* Information provided
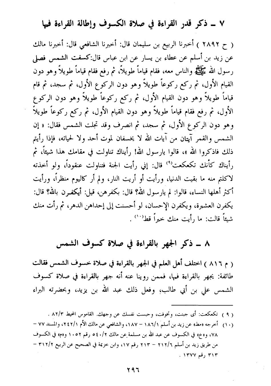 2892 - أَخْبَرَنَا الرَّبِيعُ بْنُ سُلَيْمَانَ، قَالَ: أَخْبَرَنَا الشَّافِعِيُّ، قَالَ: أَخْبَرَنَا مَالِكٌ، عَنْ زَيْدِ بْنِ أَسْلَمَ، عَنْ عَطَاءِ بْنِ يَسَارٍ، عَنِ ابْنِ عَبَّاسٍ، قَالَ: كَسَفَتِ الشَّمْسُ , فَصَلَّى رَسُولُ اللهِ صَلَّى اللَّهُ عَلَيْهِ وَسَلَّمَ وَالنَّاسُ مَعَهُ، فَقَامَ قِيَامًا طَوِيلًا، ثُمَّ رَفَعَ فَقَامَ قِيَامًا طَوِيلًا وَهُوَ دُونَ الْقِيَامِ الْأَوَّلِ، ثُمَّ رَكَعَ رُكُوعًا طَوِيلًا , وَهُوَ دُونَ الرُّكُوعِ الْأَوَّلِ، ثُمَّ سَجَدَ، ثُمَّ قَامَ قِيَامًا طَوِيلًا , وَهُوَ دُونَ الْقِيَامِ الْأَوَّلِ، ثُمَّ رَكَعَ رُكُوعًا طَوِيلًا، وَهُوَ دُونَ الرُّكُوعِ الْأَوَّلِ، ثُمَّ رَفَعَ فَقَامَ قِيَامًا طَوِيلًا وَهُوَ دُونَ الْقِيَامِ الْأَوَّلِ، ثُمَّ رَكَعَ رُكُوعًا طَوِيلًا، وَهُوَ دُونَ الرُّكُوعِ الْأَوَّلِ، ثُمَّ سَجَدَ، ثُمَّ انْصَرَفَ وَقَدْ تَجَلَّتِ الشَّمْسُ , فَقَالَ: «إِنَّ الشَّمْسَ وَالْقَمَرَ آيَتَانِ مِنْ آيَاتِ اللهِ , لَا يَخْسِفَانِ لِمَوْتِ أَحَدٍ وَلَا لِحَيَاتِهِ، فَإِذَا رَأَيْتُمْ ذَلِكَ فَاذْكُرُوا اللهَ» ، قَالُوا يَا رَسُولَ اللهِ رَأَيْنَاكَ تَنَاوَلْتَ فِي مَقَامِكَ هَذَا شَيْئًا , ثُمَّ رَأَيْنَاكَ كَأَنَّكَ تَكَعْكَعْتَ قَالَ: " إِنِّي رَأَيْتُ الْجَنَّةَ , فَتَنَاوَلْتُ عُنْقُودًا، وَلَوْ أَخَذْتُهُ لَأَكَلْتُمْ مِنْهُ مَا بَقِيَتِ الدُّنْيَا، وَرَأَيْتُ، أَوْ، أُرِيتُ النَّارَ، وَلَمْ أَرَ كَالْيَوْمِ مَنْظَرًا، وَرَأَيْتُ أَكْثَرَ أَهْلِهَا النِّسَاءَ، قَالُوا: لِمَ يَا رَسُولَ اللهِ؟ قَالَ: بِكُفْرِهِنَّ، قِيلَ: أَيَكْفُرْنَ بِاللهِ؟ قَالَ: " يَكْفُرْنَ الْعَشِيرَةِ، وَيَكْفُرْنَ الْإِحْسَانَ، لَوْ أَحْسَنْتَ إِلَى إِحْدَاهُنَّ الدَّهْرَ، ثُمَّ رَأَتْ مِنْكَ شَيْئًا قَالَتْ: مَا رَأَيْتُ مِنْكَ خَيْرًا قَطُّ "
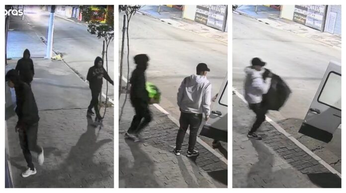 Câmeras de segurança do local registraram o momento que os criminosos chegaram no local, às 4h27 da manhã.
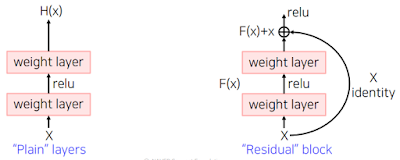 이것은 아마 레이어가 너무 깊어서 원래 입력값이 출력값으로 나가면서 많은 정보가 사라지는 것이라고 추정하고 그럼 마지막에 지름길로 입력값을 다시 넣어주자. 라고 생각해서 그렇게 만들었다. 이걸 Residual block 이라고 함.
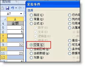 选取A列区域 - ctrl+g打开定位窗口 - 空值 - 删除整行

* What this task involves
The response should reproduce all the material above exactly and leave out its pictures.

* Solution
 2892 - أَخْبَرَنَا الرَّبِيعُ بْنُ سُلَيْمَانَ، قَالَ: أَخْبَرَنَا الشَّافِعِيُّ، قَالَ: أَخْبَرَنَا مَالِكٌ، عَنْ زَيْدِ بْنِ أَسْلَمَ، عَنْ عَطَاءِ بْنِ يَسَارٍ، عَنِ ابْنِ عَبَّاسٍ، قَالَ: كَسَفَتِ الشَّمْسُ , فَصَلَّى رَسُولُ اللهِ صَلَّى اللَّهُ عَلَيْهِ وَسَلَّمَ وَالنَّاسُ مَعَهُ، فَقَامَ قِيَامًا طَوِيلًا، ثُمَّ رَفَعَ فَقَامَ قِيَامًا طَوِيلًا وَهُوَ دُونَ الْقِيَامِ الْأَوَّلِ، ثُمَّ رَكَعَ رُكُوعًا طَوِيلًا , وَهُوَ دُونَ الرُّكُوعِ الْأَوَّلِ، ثُمَّ سَجَدَ، ثُمَّ قَامَ قِيَامًا طَوِيلًا , وَهُوَ دُونَ الْقِيَامِ الْأَوَّلِ، ثُمَّ رَكَعَ رُكُوعًا طَوِيلًا، وَهُوَ دُونَ الرُّكُوعِ الْأَوَّلِ، ثُمَّ رَفَعَ فَقَامَ قِيَامًا طَوِيلًا وَهُوَ دُونَ الْقِيَامِ الْأَوَّلِ، ثُمَّ رَكَعَ رُكُوعًا طَوِيلًا، وَهُوَ دُونَ الرُّكُوعِ الْأَوَّلِ، ثُمَّ سَجَدَ، ثُمَّ انْصَرَفَ وَقَدْ تَجَلَّتِ الشَّمْسُ , فَقَالَ: «إِنَّ الشَّمْسَ وَالْقَمَرَ آيَتَانِ مِنْ آيَاتِ اللهِ , لَا يَخْسِفَانِ لِمَوْتِ أَحَدٍ وَلَا لِحَيَاتِهِ، فَإِذَا رَأَيْتُمْ ذَلِكَ فَاذْكُرُوا اللهَ» ، قَالُوا يَا رَسُولَ اللهِ رَأَيْنَاكَ تَنَاوَلْتَ فِي مَقَامِكَ هَذَا شَيْئًا , ثُمَّ رَأَيْنَاكَ كَأَنَّكَ تَكَعْكَعْتَ قَالَ: " إِنِّي رَأَيْتُ الْجَنَّةَ , فَتَنَاوَلْتُ عُنْقُودًا، وَلَوْ أَخَذْتُهُ لَأَكَلْتُمْ مِنْهُ مَا بَقِيَتِ الدُّنْيَا، وَرَأَيْتُ، أَوْ، أُرِيتُ النَّارَ، وَلَمْ أَرَ كَالْيَوْمِ مَنْظَرًا، وَرَأَيْتُ أَكْثَرَ أَهْلِهَا النِّسَاءَ، قَالُوا: لِمَ يَا رَسُولَ اللهِ؟ قَالَ: بِكُفْرِهِنَّ، قِيلَ: أَيَكْفُرْنَ بِاللهِ؟ قَالَ: " يَكْفُرْنَ الْعَشِيرَةِ، وَيَكْفُرْنَ الْإِحْسَانَ، لَوْ أَحْسَنْتَ إِلَى إِحْدَاهُنَّ الدَّهْرَ، ثُمَّ رَأَتْ مِنْكَ شَيْئًا قَالَتْ: مَا رَأَيْتُ مِنْكَ خَيْرًا قَطُّ "
 Câmeras de segurança do local registraram o momento que os criminosos chegaram no local, às 4h27 da manhã.
 이것은 아마 레이어가 너무 깊어서 원래 입력값이 출력값으로 나가면서 많은 정보가 사라지는 것이라고 추정하고 그럼 마지막에 지름길로 입력값을 다시 넣어주자. 라고 생각해서 그렇게 만들었다. 이걸 Residual block 이라고 함.
 选取A列区域 - ctrl+g打开定位窗口 - 空值 - 删除整行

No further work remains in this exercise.